I modified iperf to generate very very small packets : I want this time
to determine the bottleneck on openBSD.
All I can do between the 2 linuxes and before an interrupt load of 100%
on the router is about 140Kpps (-> 5MB/s only) :
[ 4] 1.0- 2.0 sec 5.45 MBytes 45.7 Mbits/sec 0.009 ms 0/142862 (0%)
[ 4] 2.0- 3.0 sec 5.45 MBytes 45.7 Mbits/sec 0.010 ms 0/142860 (0%)
[ 4] 3.0- 4.0 sec 5.45 MBytes 45.7 Mbits/sec 0.009 ms 0/142841 (0%)
=> more packets/s from the sender would mean dropped packet on the
router and loss on the receiver.
And to demonstrate the maximum capabilities of the load generators, the
same mono-thread iperf test between the 2 linuxes on the same vlan
(without router) :
[ 5] 1.0- 2.0 sec 12.6 MBytes 105 Mbits/sec 0.003 ms 0/329213 (0%)
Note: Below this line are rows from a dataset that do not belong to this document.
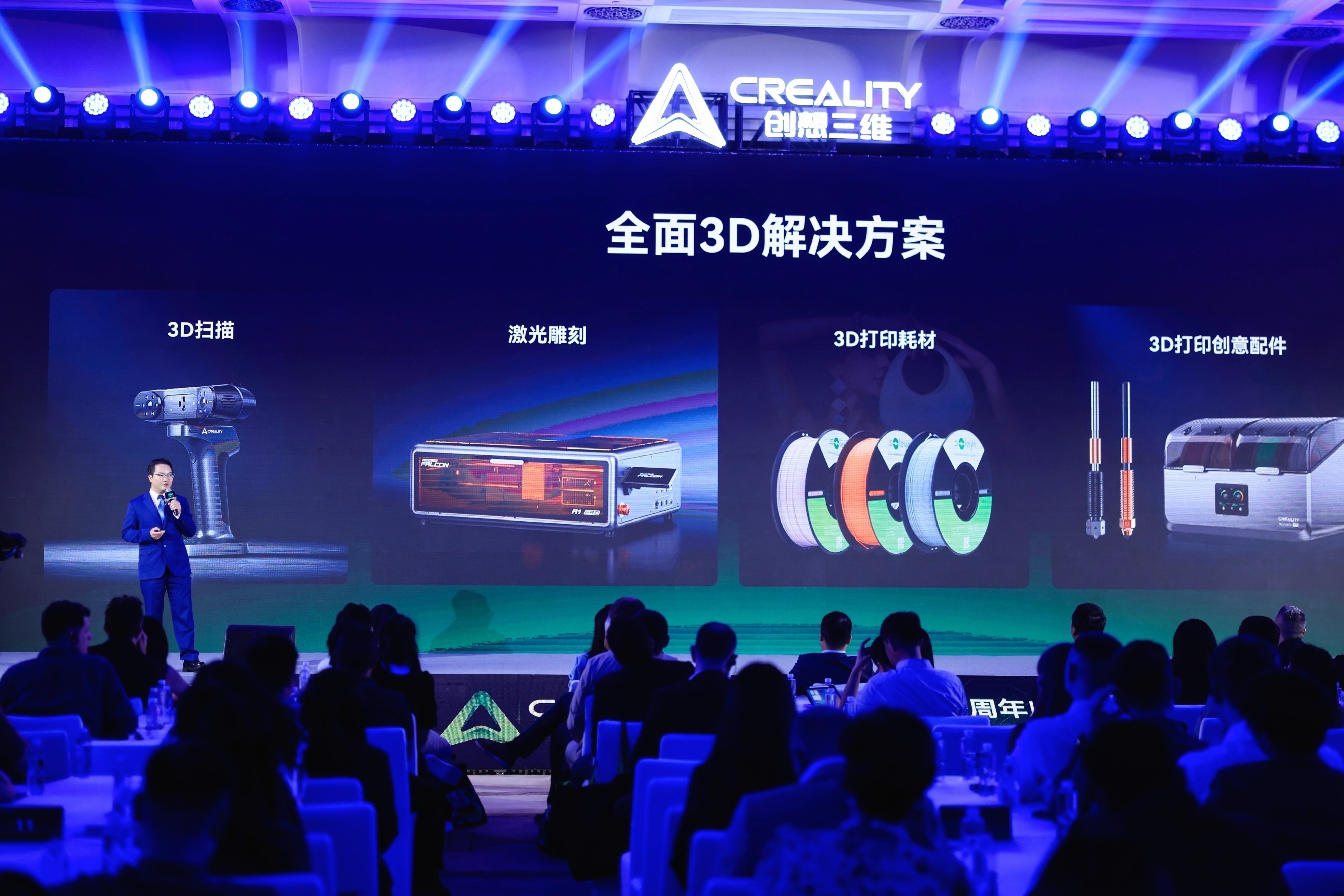 同时,创想三维品牌迎来焕新升级,会上发布全新品牌形象IP及定制字体,以动态光效与未来感设计传递“智造未来”理念,彰显技术美学与品牌进化决心。
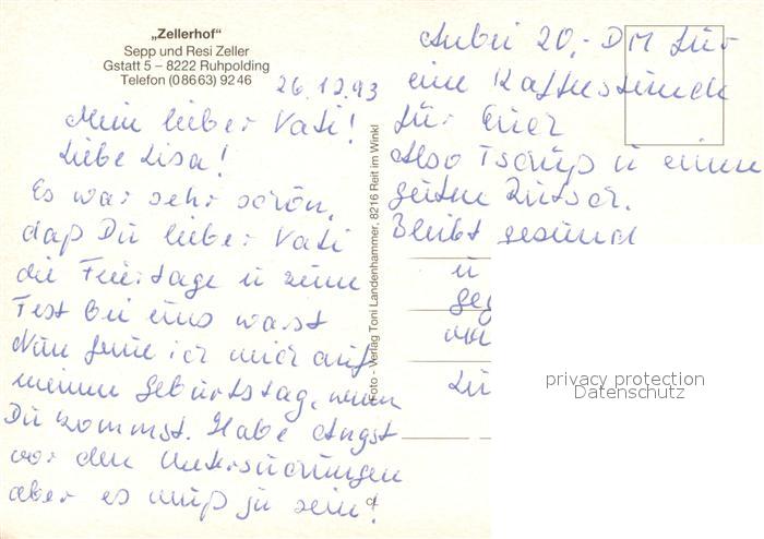 73645924 Ruhpolding Bayern Gaestehaus Pension Zellerhof Fremdenzimmer Gastraum Pferdekutsche postalisch nicht gelaufen Erhaltung siehe scans [FriedD77] Frie Katcode 11110009189140
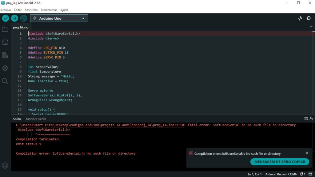 Neste conteúdo, vamos usar como exemplo um código visivelmente errado, semelhante ao que mostramos no vídeo publicado no instagram da Smart Kits. Ele possui: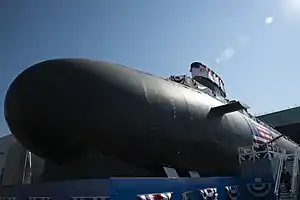USS Hyman G. Rickover (SSN-795), is a Virginia-class nuclear-powered attack submarine of the United States Navy and the second such boat commemorating Admiral Hyman G. Rickover, pioneer of the nuclear navy.[6] The boat's sponsor is Darleen Greenert, wife of then Chief of Naval Operations, Admiral Jonathan Greenert.[7] Both the boat's name and her sponsor were announced by the Secretary of the Navy at a ceremony at the Washington Navy Yard on 9 January 2015.[7] Hyman G. Rickover's christening occurred on 31 July 2021,[8] and she was commissioned on 14 October 2023, during a ceremony at Naval Submarine Base New London, in Groton, Connecticut.[4]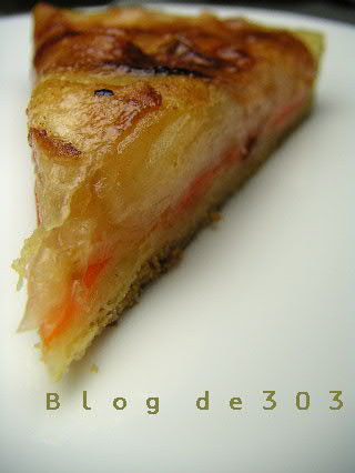 ショコタ;こんばんは。ショコタです。頂き物の紅玉を使ったタルトの続きです♪ホールの写真撮影を失敗してしまったので、いきなりカットした写真になります。全体像は以前紹介したタイプと同じような感じです。フランス菓子として、よく見かける姿ですね♪土台は昨日と同じくパート・ブリゼを使用します。昨日とは生地の厚さが違う点にご注意ください。こちらのタルトのほうが薄く延ばしてあります。パート・ブリゼにレモンクリームを、うす~~く塗ります。チーズケーキに使用した残りです。その上にスライスした人参を敷きます。人参の層を覆うように紅玉3個分のスライスを並べていきます。 山のようになりますが大丈夫です。 敷き詰めたリンゴにグラニュー糖をまぶし、小さくカットした発酵バターと、薄い板状に冷凍しておいた生クリームを砕き散らしたら後は焼くだけです。190度にしっかり予熱しておいたオーブンに入れ様子を見ながら50分から60分。 じっくり焼きます。リンゴのジュで柔らかくなった人参は、柑橘類のような香りを放つと共に 穏やかな甘さをタルトに与えてくれます。 レモンクリームの酸味で紅玉の持つ酸味を持ち上げてみようと試みました。 スライスした紅玉は人参の香りとレモンの酸を従え、みずみずしさに溢れています。昨日のタルトは食べ応えを感じさせますが、こちらのタルトのイメージは喉越しです。 パート・ブリゼを薄くのばしたのも喉越しを妨げないためです。 焼きあがったタルトの表面には、紅玉の皮と芯を煮出してジュレにしたものを塗ってあります。 写真からジュレがうっすらとピンク色なのが伝わりますでしょうか??人参ですが、はっきりと人参臭いものを使ったほうが美味しいと思います。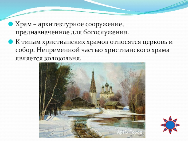 Слайд 37Храм – архитектурное сооружение, предназначенное для богослужения.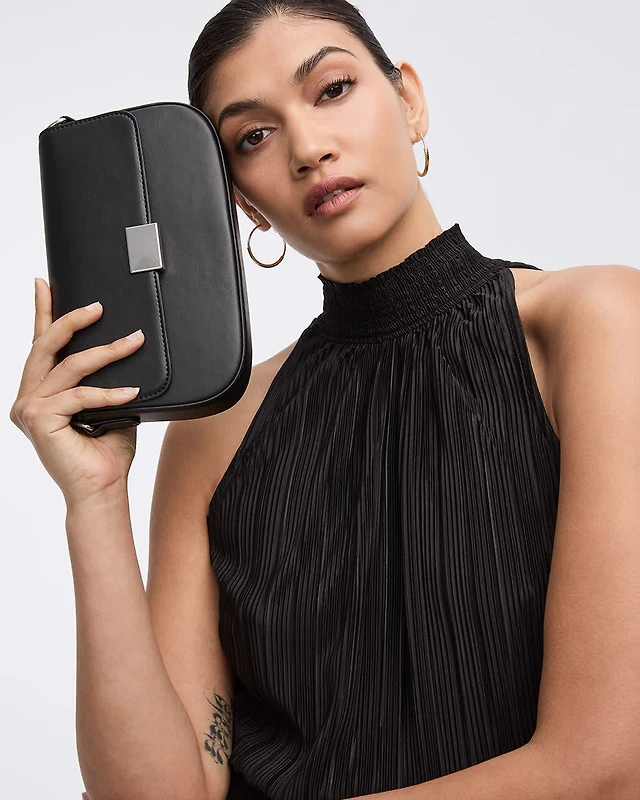 Ardene Tote Bag in Black | 100% Recycled Polyester/Faux Leather | Eco-Conscious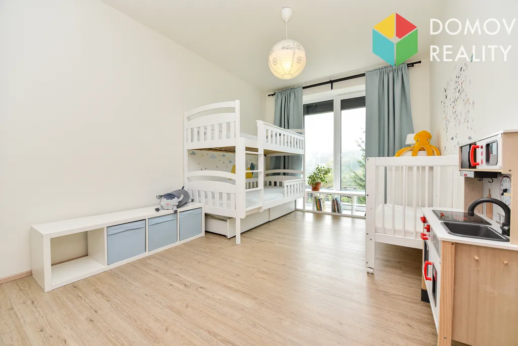 Dům má vše, co moderní rodina požaduje – prostorný světlý obývací pokoj, nadstandardně vybavenou kuchyňskou linku do tvaru U, 3 samostatné ložnice, 2 toalety, podlahové vytápění, krbová kamna, venkovní žaluzie a parkování na vlastním pozemku. Velkým francouzským oknem se dostanete na terasu a zahradu, odkud je výhled na zelené kopce nad Berounkou. Na pozemku je zahradní domek a sklad, které vyřeší úložné prostory. Další možnosti ukládat sezonní věci jsou na prostorné, částečně pochozí, půdě.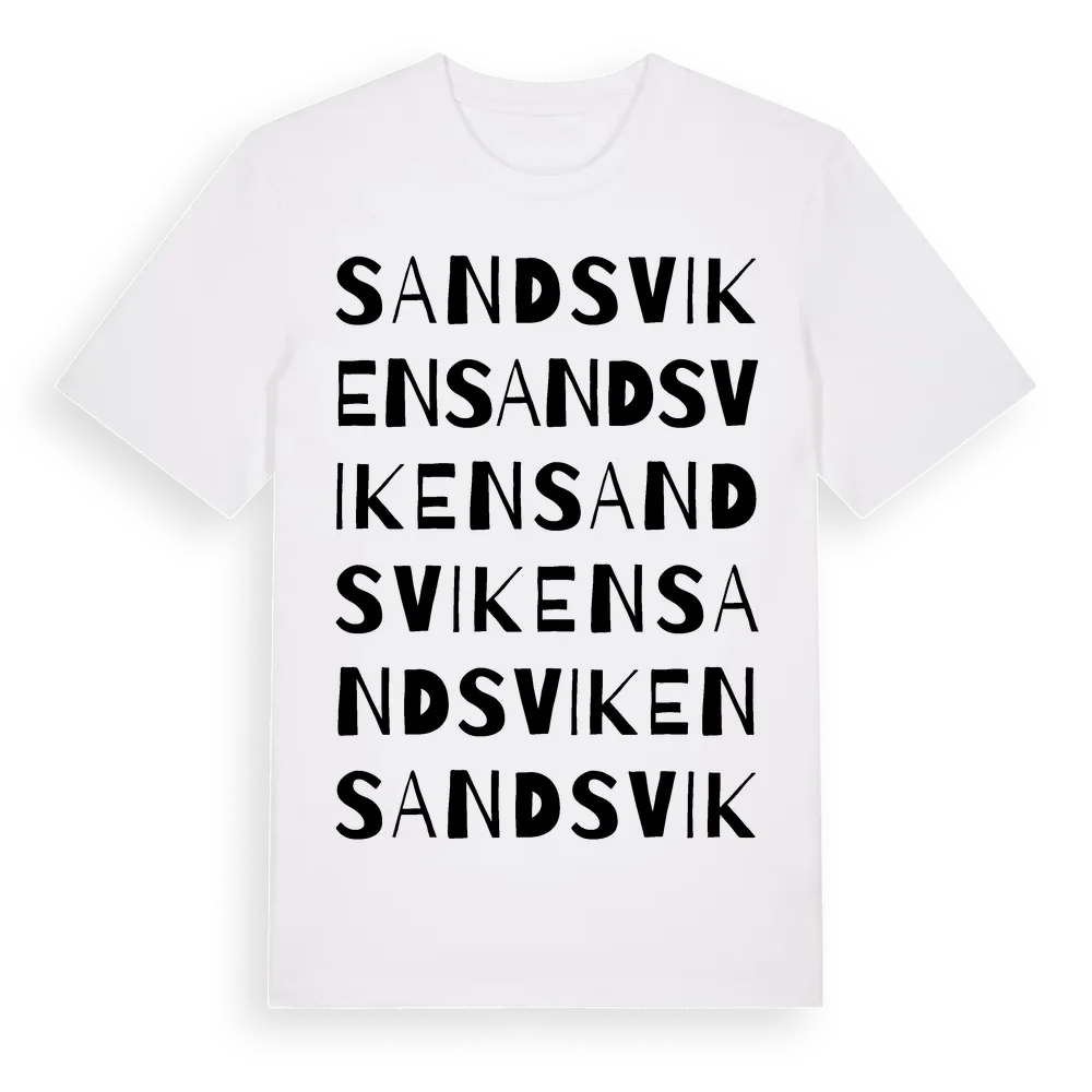 Sandsviken ordlek t-shirt är inspirerad av byn Sandsviken i Västernorrlands län, Sverige. Tröjan är designad för dig som har en speciell koppling till platsen – oavsett om du bor här, har rötterna här eller bara älskar Sandsviken.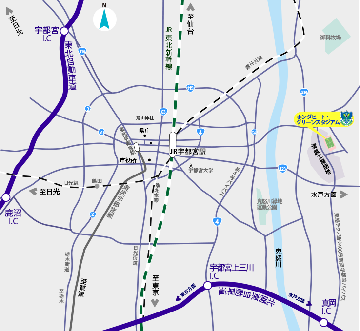 バス:宇都宮駅~清原台3丁目 620円(片道) タクシー:宇都宮駅東口~グリスタ 約3,500円 (片道)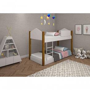 Beliche Infantil/Juvenil Luiza Branco/Mel com Pés de Madeira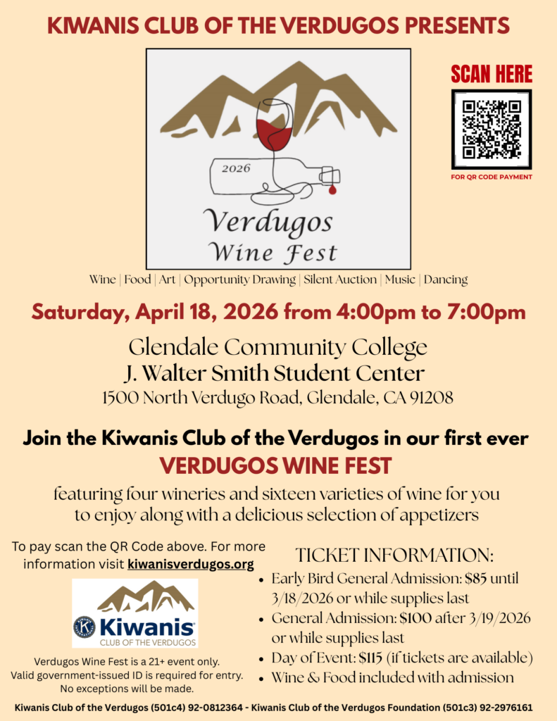 🎉 Excitement is in the air! Join the Kiwanis Club of the Verdugos for an extraordinary wine-tasting journey. Savor a curated selection of wines from Paso Robles and Santa Barbara to Spain and Italy, all perfectly paired with thoughtful selection of appetizers (including vegan options) prepared by GCC Culinary Arts.🎉

[ 5] 2.0- 3.0 sec 12.6 MBytes 106 Mbits/sec 0.003 ms 0/329980 (0%)
[ 5] 3.0- 4.0 sec 12.6 MBytes 106 Mbits/sec 0.003 ms 0/330488 (0%)
330kpps without loss and 1 busy CPU on the linux. But still more than
twice the packet rate through the router.
(And just for the fun, despite the announce of the capability of FreeBSD
to route 1Mpps, our 5.3 on bi-opteron is only able to route ~140Kpps too)
So the conclusion may be that the BSD hardwares are limited by the
ability of their OS to manage interrupts properly...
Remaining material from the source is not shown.